# Supplied material
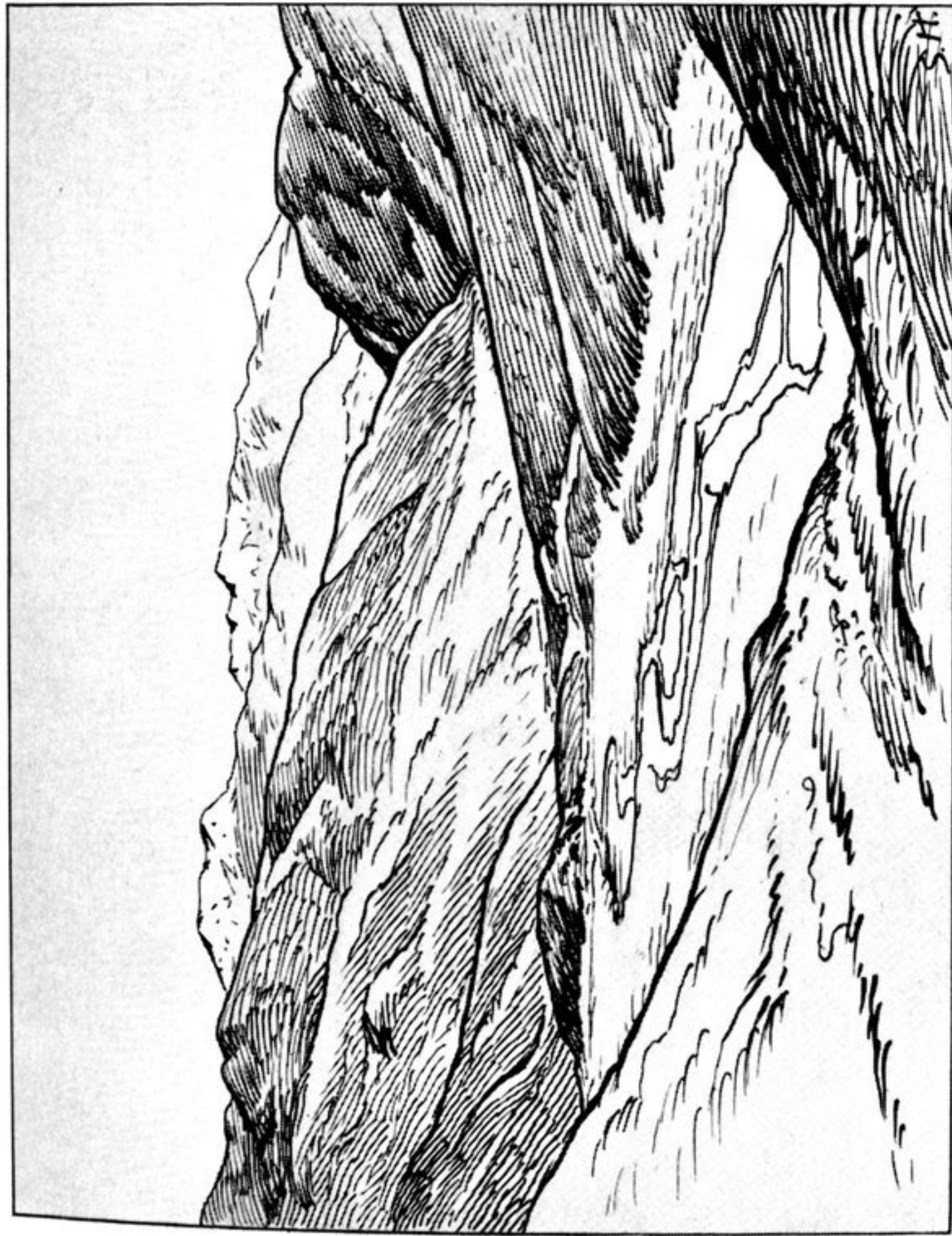
LOOKING UP THE RIVER FROM A POINT BELOW LEHLUNG (APRIL 12).
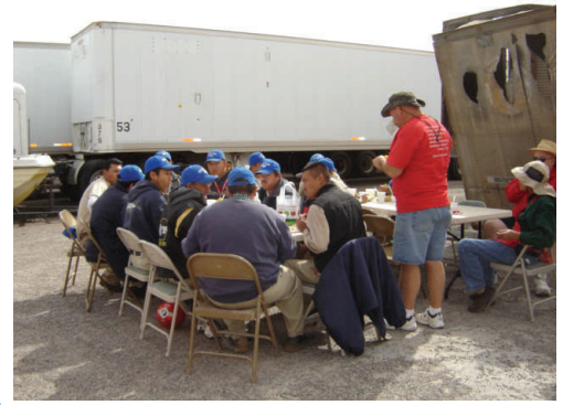
Border Guard luncheon
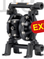
3/4" (19 mm)

# What is expected
The task calls for every line of the data to be returned exactly, without pictures.

# Your solution
LOOKING UP THE RIVER FROM A POINT BELOW LEHLUNG (APRIL 12).
Border Guard luncheon
3/4" (19 mm)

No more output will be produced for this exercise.